In our case, the anatomic pathology findings were compatible with follicular bronchiolitis. This entity is characterized by hyperplasia of lymphoid tissue throughout the airway and by the development of lymphoid follicles and germinal centers with peribronchial or peribronchiolar distribution. This may be the only finding or it may be associated with bronchiectasis, asthma, etc. There is usually underlying collagen disease, rheumatoid arthritis or immunodeficiency, which can be either congenital, acquired (like AIDS and CVID), or idiopathic.5

It has been described at any age, although when the disease is not associated with collagen disease or immunodeficiency it tends to appear in middle-aged individuals. Symptoms are non-specific, and from a respiratory function standpoint, any pattern may be seen and can even be normal.6

Follicular bronchiolitis could be considered a manifestation of nodular lymphoid hyperplasia as an immune response against an antigen, with the consequent lymphocytic proliferation. Nevertheless, most patients do not develop follicular bronchiolitis after antigenic exposure; therefore, this stimulation would not be sufficient to explain the pathogenesis. Two stages can be defined in its development after the onset of symptoms, with an initial exposure to antigens that stimulate the BALT system, and then the immunologic dysfunction leads to lymphocytic proliferation.7

The most common radiologic findings are bilateral nodular opacities, generally smaller than 3mm, although cases with opacities larger than 12mm have been described, with centrilobular or peribronchiolar distribution. Bilateral patchy areas of ground glass opacities can be seen with non-segmental distribution.8

From a histologic standpoint, there are numerous lymphoid follicles associated with germinal centers around the bronchi and bronchioles, which are occasionally associated with interstitial inflammatory infiltrates in the adjacent alveolar septa. In 20% of the cases, this is significant and the differential diagnosis should include lymphocytic interstitial pneumonia, lymphoid nodular hyperplasia and low-grade BALT lymphoma.5

Differentiating between these entities is not simple and is usually based on the extension of the infiltrate, with a peribronchial or peribronchiolar distribution in follicular bronchiolitis and diffuse distribution in lymphocytic interstitial pneumonia.8

Lymphoid nodular hyperplasia is distinguished by its radiological as well as histologic characteristics.
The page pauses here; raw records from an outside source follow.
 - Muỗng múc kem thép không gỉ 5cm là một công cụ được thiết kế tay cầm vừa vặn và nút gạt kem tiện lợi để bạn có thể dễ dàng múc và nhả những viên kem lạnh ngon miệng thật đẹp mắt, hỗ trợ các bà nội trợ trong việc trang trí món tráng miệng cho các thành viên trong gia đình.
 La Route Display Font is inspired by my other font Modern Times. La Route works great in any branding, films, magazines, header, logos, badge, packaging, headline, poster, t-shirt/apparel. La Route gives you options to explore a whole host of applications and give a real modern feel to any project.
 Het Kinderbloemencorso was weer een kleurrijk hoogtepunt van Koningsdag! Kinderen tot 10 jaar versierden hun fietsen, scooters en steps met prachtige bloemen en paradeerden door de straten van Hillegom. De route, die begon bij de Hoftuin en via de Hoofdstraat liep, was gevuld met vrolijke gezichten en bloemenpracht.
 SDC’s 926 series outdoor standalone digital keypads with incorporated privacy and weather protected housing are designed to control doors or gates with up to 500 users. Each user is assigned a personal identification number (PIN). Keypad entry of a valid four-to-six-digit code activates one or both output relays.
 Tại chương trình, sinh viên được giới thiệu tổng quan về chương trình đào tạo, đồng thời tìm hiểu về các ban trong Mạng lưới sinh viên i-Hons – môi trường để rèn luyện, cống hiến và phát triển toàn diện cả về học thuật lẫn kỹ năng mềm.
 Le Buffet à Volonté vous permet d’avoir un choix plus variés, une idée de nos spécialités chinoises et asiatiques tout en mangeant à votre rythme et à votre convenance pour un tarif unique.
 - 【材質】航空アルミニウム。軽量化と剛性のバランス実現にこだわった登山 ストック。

It presents as single or multiple masses with proliferation of germinal centers that tend to converge, with interfollicular plasma cells. In low-grade BALT lymphoma, these masses appear to be solid and well-defined or multiple, with infiltrates made up of monoclonal B lymphocytes, and in some of the cases there may be germinal centers.5

Even though treatment with immunoglobulins can significantly reduce the frequency and severity of infections, the lung lesions progress in spite of proper treatment. The number of pneumonias prior to diagnosis has been proposed as the most sensitive parameter for detecting alterations on thoracic CT.9

In these patients, diagnosis is frequently delayed due to the low prevalence and low clinical suspicion, so the presence of repeated pneumonia is sufficient criteria to contemplate the existence of an immunodeficiency.